Among the lines of data below, reproduce only those from the one with "Botines de piel" through the one with "Роман Яремчук на", exactly as they stand, both ends included.

• [Working data]:
================================
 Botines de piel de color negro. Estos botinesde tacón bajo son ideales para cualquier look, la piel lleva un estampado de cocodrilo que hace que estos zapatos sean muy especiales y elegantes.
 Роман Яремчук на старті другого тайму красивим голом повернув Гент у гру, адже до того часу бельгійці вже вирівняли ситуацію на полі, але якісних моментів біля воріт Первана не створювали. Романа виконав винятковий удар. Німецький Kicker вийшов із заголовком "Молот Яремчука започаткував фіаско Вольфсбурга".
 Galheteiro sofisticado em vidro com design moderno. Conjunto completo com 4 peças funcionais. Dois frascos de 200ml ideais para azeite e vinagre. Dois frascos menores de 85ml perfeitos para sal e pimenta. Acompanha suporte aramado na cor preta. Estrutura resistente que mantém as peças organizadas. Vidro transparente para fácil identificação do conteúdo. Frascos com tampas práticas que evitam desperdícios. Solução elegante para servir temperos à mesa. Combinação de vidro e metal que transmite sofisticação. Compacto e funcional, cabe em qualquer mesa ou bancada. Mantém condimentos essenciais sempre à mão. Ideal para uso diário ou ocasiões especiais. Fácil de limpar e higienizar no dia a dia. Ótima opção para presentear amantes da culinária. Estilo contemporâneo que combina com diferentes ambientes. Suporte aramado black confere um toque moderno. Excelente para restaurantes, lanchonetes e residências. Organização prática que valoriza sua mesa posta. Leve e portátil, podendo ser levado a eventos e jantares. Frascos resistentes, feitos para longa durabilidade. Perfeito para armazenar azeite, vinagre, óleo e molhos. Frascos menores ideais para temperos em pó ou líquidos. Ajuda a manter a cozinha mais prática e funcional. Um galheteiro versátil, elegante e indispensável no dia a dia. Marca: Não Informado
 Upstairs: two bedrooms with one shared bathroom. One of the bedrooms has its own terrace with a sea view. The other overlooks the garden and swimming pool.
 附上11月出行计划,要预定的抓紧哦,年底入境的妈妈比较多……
================================
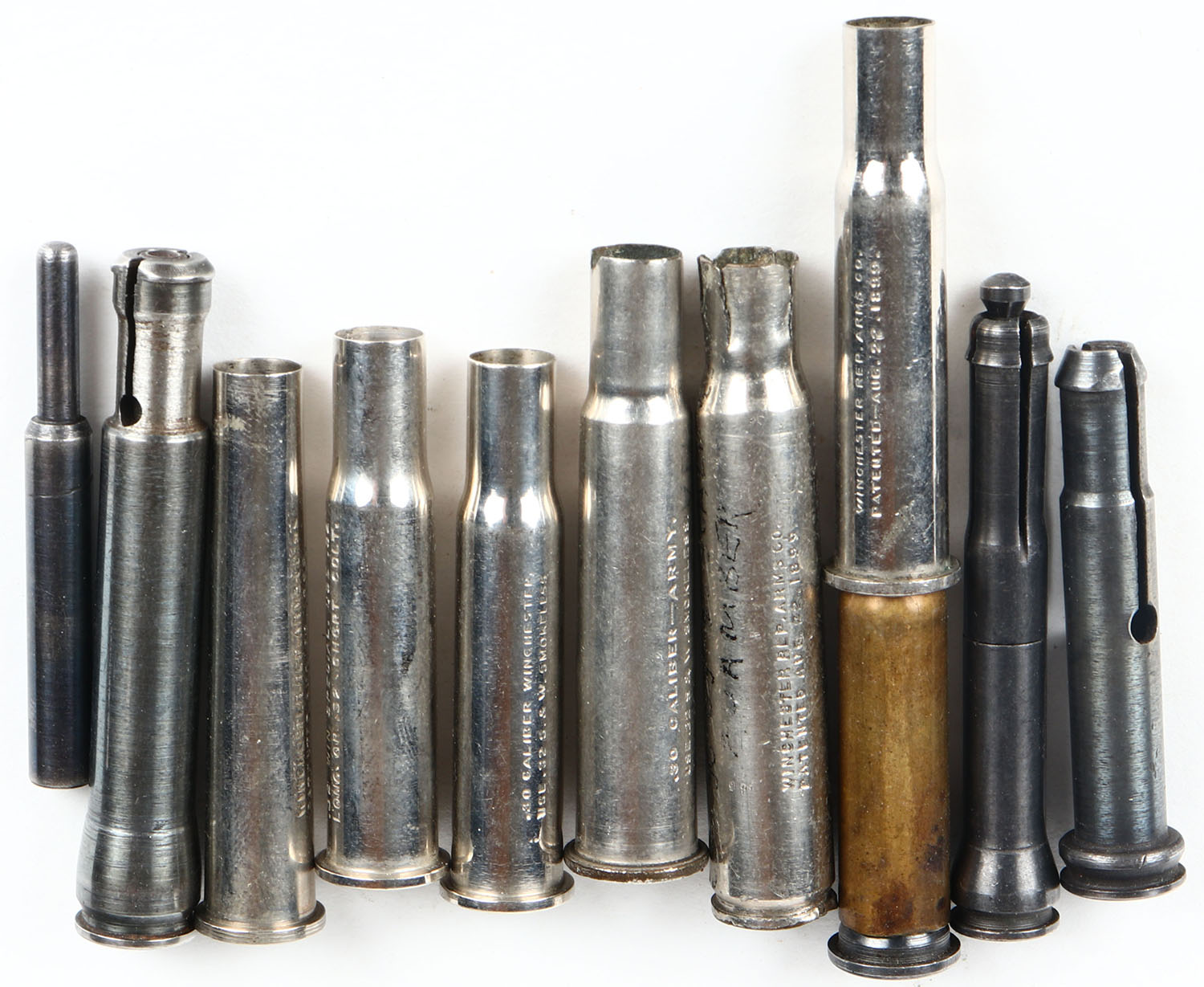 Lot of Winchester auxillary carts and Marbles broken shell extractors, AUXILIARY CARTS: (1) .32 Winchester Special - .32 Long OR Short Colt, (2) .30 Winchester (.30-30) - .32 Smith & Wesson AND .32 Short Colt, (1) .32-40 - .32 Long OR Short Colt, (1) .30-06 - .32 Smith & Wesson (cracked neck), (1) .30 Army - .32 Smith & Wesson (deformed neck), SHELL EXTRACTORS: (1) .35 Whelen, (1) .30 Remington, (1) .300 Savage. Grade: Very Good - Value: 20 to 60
================================
• [Result of the task]:
 Botines de piel de color negro. Estos botinesde tacón bajo son ideales para cualquier look, la piel lleva un estampado de cocodrilo que hace que estos zapatos sean muy especiales y elegantes.
 Роман Яремчук на старті другого тайму красивим голом повернув Гент у гру, адже до того часу бельгійці вже вирівняли ситуацію на полі, але якісних моментів біля воріт Первана не створювали. Романа виконав винятковий удар. Німецький Kicker вийшов із заголовком "Молот Яремчука започаткував фіаско Вольфсбурга".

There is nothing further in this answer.